When Do You Prepare for a Civil War

By Steven Genise

You prepare for it alongside doing the dishes and folding the laundry. You prepare for it when you get into your car and drive to work and listen to talk radio. You prepare for it when you open the news and text your friends and family, when all conversations buzz with this unspeakable subtext that nobody feels confident enough to voice, and because of that you’re never really sure the subtext is there to begin with or whether you’re just projecting. You prepare for it in your excitement when someone important mentions the possibility because it validates your fears, and again in your guilt when you realize the implications of that. You prepare for it when you’re walking down the sidewalk, trying to imagine what it will look like when it’s shattered and pitted. Will the collapsed buildings look like the pictures you’ve seen from other countries? Or will it look more like the aftermath of a hurricane: tumbled spears of broken studs and joists. Probably a lot of it will burn, but you left the wildfire state before the wildfires happened, so you don’t know what that looks like either, really, except what you’ve seen on the news. You prepare for it when you look at your spouse standing at the counter grinding coffee, imaging them with dirt on their face and scars, and thin.

You prepare for it when you run through your options about where you’ll go, what you’ll do, how you’ll react, and with each iteration feeling more and more fantastical than the one before it, each iteration crackling with the possibility that you’re just finding excuses to believe your neighborhood will be fine, your house will be safe, you won’t be a nameless body dug out of the rubble five years after the world settles down. Each iteration bringing the job of the prepper closer to the job of the author.

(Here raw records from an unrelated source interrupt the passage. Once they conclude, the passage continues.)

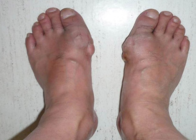 통풍은 요산결정체가 염증 반응을 일으키는 질환으로 관절에 요산결정체가 침착되면 통풍성 관절염이 나타납니다. 통풍성관절염은 급성 관절염의 형태로 나타난 후 재발성 발작을 일으키거나 관절 또는 주변부위의 통풍결절이 형성되는 만성 통풍성 관절염의 형태로 나타납니다.
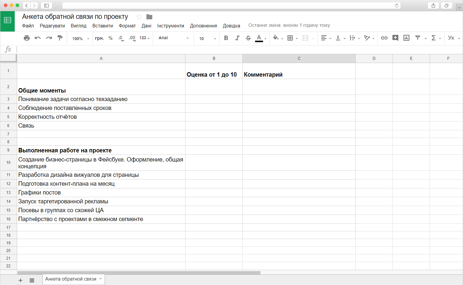 Переходим к ситуации, когда вы завершили работу над большим проектом и хотели бы получить больше чем пару приятных предложений о сотрудничестве. Подготовьте анкету-отзыв о проекте.
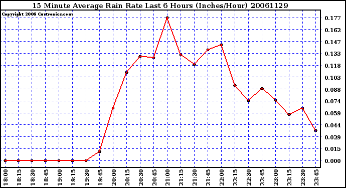 20061129 15 Minute Average Rain Rate Last 6 Hours (Inches/Hour)
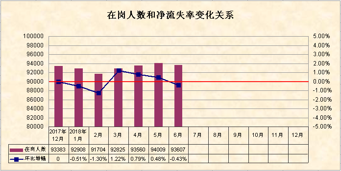 6月末全市监测企业岗位总人数有93607人,比上期企业岗位减少402人,环比减少0.43%。从表11的图表分析数据来看:企业在岗人数由2017年12月底建档期的93383人,减少到2月份春节期间最低的91704人,节后3-5月份期间在岗人数逐月回升到最高的94009人,6月份在岗人数环比略有小幅下降,但基本保持在9.3万人以上,反映企业目前的用工需求得以有效补充。

You prepare for it when your childhood friend goes AWOL from his post in the state forces and shows up at your door, bag in hand, even though you live on the other side of the country. You prepare for it when you show him to your couch, lay some blankets out, and make everyone a fresh cup of coffee. You go through all your good memories together, like when he dragged you over to the chain link fence in ninth grade to introduce you to his girlfriend, pointed out onto the field where a row of cheerleaders were tumbling under the floodlights, and you said “which one?” Or twelve years later, when that cheerleader was now a sculptor, and you were marrying her, and you told the revolutionary to fuck off in the ballroom of the hotel because you had too much to deal with than to help him figure out how to mingle with your extended family. Or in between, when the three of you shared a moment you vowed never to speak of outside your triangle, which you recount only with an awkward sigh.

You prepare for it when the sculptor gets back from the doctor and confirms the happiest fear any of you had. These kinds of things evolve, they don’t spontaneously erupt fully formed. They grow into babies from conception like everyone else, and then into adulthood. Their gestational period is not all that much longer than ours, though, and unless you’re paying attention, many people don’t see that gestation, especially from the state media, and so the effect to most is that they sprung from the head of the people like Athena from Zeus. It’s frustrating if you’re the one going into the doctor every day to look at the new sonograms, if you’re following its steady growth, the extension of its fingernails, the pitting of its nostrils, the increasing force of its beating heart, but nine months isn’t as long as it sounds. It’s actually quite brief, and so you can understand how most people miss it, especially if its birth is not something you ever expected, ever wanted, and every day you find reasons to categorize its new features as something that will lead to its miscarriage rather than its delivery. But nine months is not a long time. It takes only one trimester for people to stop saying “protest” and start saying “bloc,” and for the state to slowly, day by day, dial up the muzzle velocity of their less-lethal rounds until they go from bruising legs to shattering helmets. It takes another trimester for emblems and badges to disappear, for name tags to be taped over, for faces to be covered. But it stays stable during that second trimester. It’s not a shooting war, and so when people throw around that term it feels willfully naive to the horrors that term engenders, and you think Okay, this is where it will stay. But the third trimester sees bullets, body armor, trucks, and then delivery.

You prepare for it when you zip your bag shut for the last time, and hold the sculptor in your arms and kiss her forehead. When you hug the revolutionary, and the three of you cry before you go. I’m not a materialist, but I think I’ll miss my desk the most.